*Exercise*: From the line containing "For example, the" to the end of the records below, both included, every line should be repeated exactly; pictures should be dropped.

*The input*:
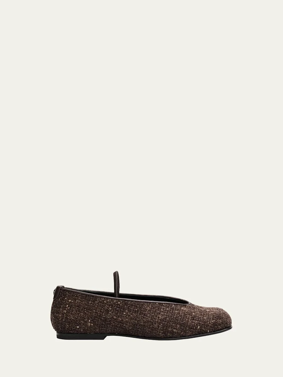 Nodaleto "Cindy" ballerina flats in wool tweed with tonal calf leather trim Flat heel Square toe Elastic Mary Jane strap Slip-on style Leather lining Leather/Rubber outsole Made in Italy Online Inquiries: BGS21_X6YZV| Store Inquiries: #5064621
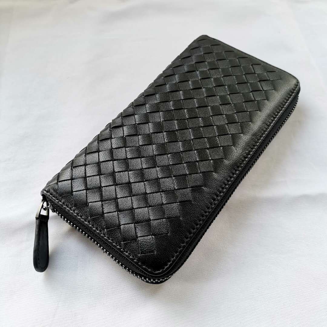 介绍:本产品采用高档羊皮手工编织制作,欧美风格,卡位,证件位,大钞位一应俱全!
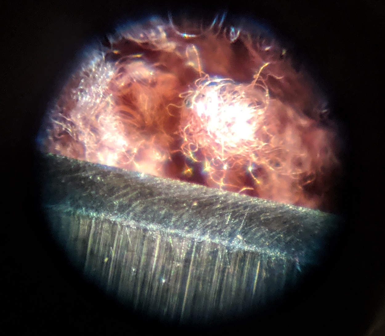 For example, the picture below is a microscopic view of a knife-edge that I have sharpened. For size comparison, the cloth the knife is on is a red microfibre cleaning cloth.
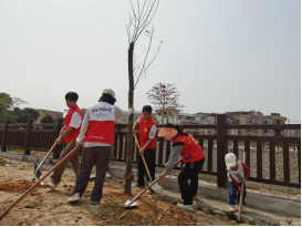 在植樹活動現(xiàn)場,大家熱情飽滿、干勁十足,每個人揮鍬鏟土、扶樹填土、培土踩實、堆起圍堰、提桶澆水,合力載下一棵棵苗木,青年志愿者、少先隊員們以實際行動為陸豐大地再添新綠,共同播種春天的希望,一排排新栽樹苗錯落有致、迎風挺立,展現(xiàn)出勃勃生機。
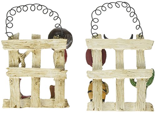 Kurt Adler 2 Assorted Western Decorated Fence Resin Christmas Ornaments
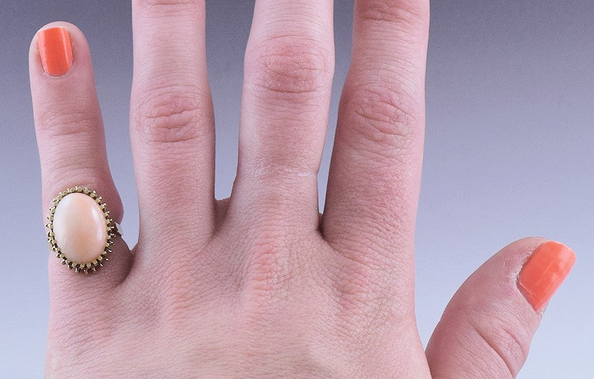 The ring is in great condition. The coral is well set, with no chips and no cracks. The prongs are in good condition, sturdy and secure. There are no breaks and no repairs.
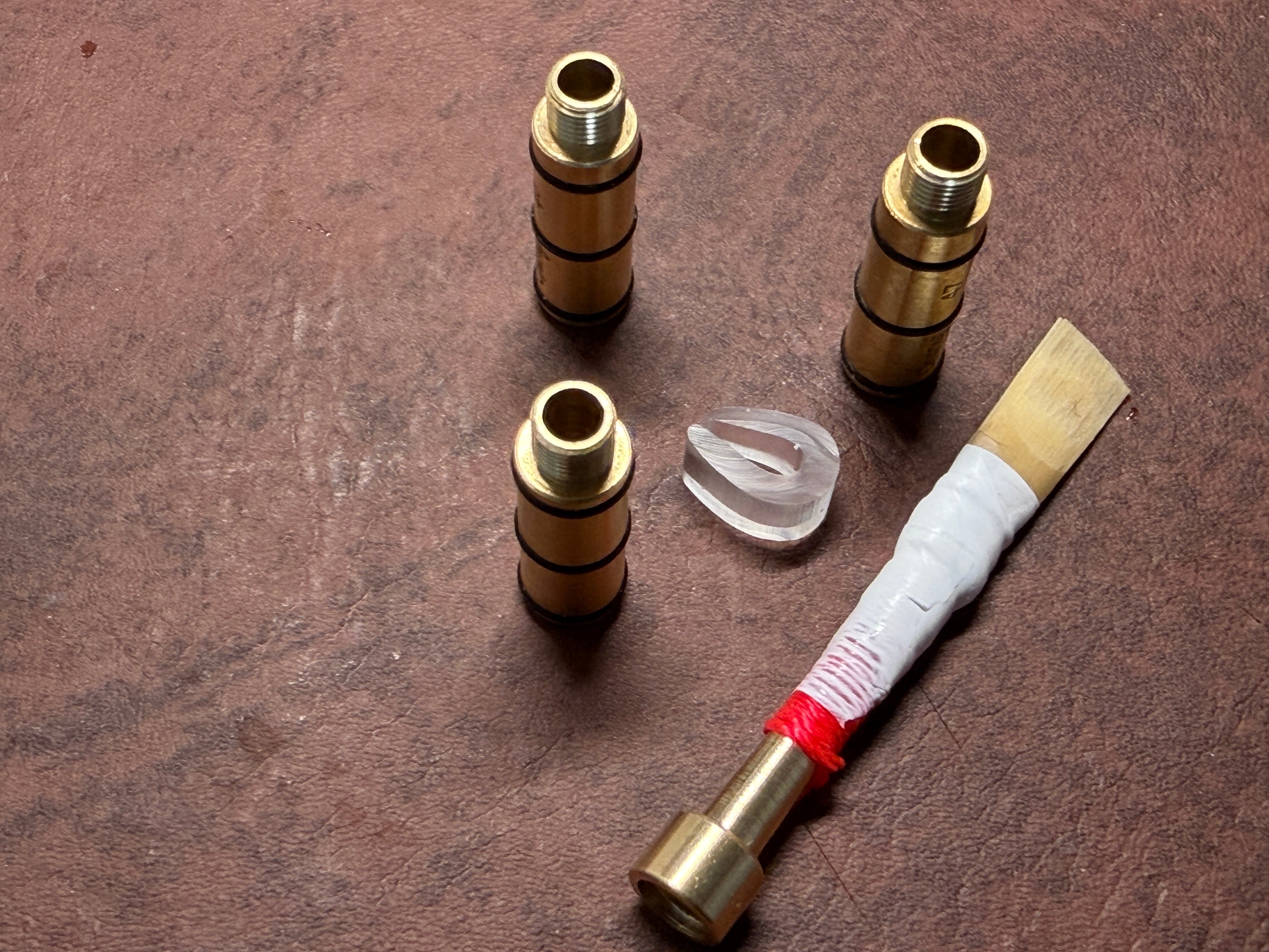 ※46ミリチューブを基本に製作しており(全長68mm)、それで音程が高い場合は、下のチューブを47ミリに変えてください。音程が下がります。少し優しい音にも感じます。オーケストラ1番奏者や吹奏楽に向いていると思います。

*Response area*:
 For example, the picture below is a microscopic view of a knife-edge that I have sharpened. For size comparison, the cloth the knife is on is a red microfibre cleaning cloth.
 在植樹活動現(xiàn)場,大家熱情飽滿、干勁十足,每個人揮鍬鏟土、扶樹填土、培土踩實、堆起圍堰、提桶澆水,合力載下一棵棵苗木,青年志愿者、少先隊員們以實際行動為陸豐大地再添新綠,共同播種春天的希望,一排排新栽樹苗錯落有致、迎風挺立,展現(xiàn)出勃勃生機。
 Kurt Adler 2 Assorted Western Decorated Fence Resin Christmas Ornaments
 The ring is in great condition. The coral is well set, with no chips and no cracks. The prongs are in good condition, sturdy and secure. There are no breaks and no repairs.
 ※46ミリチューブを基本に製作しており(全長68mm)、それで音程が高い場合は、下のチューブを47ミリに変えてください。音程が下がります。少し優しい音にも感じます。オーケストラ1番奏者や吹奏楽に向いていると思います。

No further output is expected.